I have a long-running PySpark Structured Streaming job, which reads a Kafka topic, does some processing and writes the result back to another Kafka topic. Our Kafka server runs on another cluster.
It's running fine but every few hours it freezes, even though in the web UI the YARN application still has status "running". After inspecting the logs, it seems due to some transient connectivity problem with the Kafka source. Indeed, all tasks of the problematic micro-batch have completed correctly, except one which shows:
21/08/11 19:19:59 INFO AbstractCoordinator: Discovered coordinator my-kafka-xxx:9093 (id: 2147483646 rack: null) for group spark-kafka-source-yyy
21/08/11 19:19:59 INFO AbstractCoordinator: Marking the coordinator my-kafka-xxx:9093 (id: 2147483646 rack: null) dead for group spark-kafka-source-yyy
21/08/11 19:19:59 INFO AbstractCoordinator: Discovered coordinator my-kafka-xxx:9093 (id: 2147483646 rack: null) for group spark-kafka-source-yyy
21/08/11 19:19:59 INFO AbstractCoordinator: Marking the coordinator my-kafka-xxx:9093 (id: 2147483646 rack: null) dead for group spark-kafka-source-yyy
21/08/11 19:19:59 INFO AbstractCoordinator: Discovered coordinator my-kafka-xxx:9093 (id: 2147483646 rack: null) for group spark-kafka-source-yyy
21/08/11 19:19:59 INFO AbstractCoordinator: Marking the coordinator my-kafka-xxx:9093 (id: 2147483646 rack: null) dead for group spark-kafka-source-yyy
The failure is not detected by Spark or YARN and the task runs forever (up to several days) and keeps on printing 10-20 such error messages per second. Restarting the process fixes the problem.
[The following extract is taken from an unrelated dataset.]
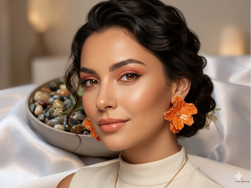 Stilinize canlılık ve enerji katmaya hazır mısınız? Bu çarpıcı çiçek tasarım küpe, kıvrımlı yaprak detayları ve canlı turuncu emaye kaplamasıyla doğanın tüm neşesini kulaklarınıza taşıyor. "Statement" aksesuar sevenler için özel olarak tasarlanan bu model, en sade kombinleri bile bir anda podyum şıklığına kavuşturacak kadar iddialı bir parçadır.

Is there a possibility to force the failure of the Spark task (on YARN) in such a situation? Then it would be restarted automatically and problem should be solved. Of course, any other way to restore the Kafka connection would be fine too...
I know it is possible to kill YARN containers based on a max acceptable memory consumption, but haven't seen anything similar for execution time.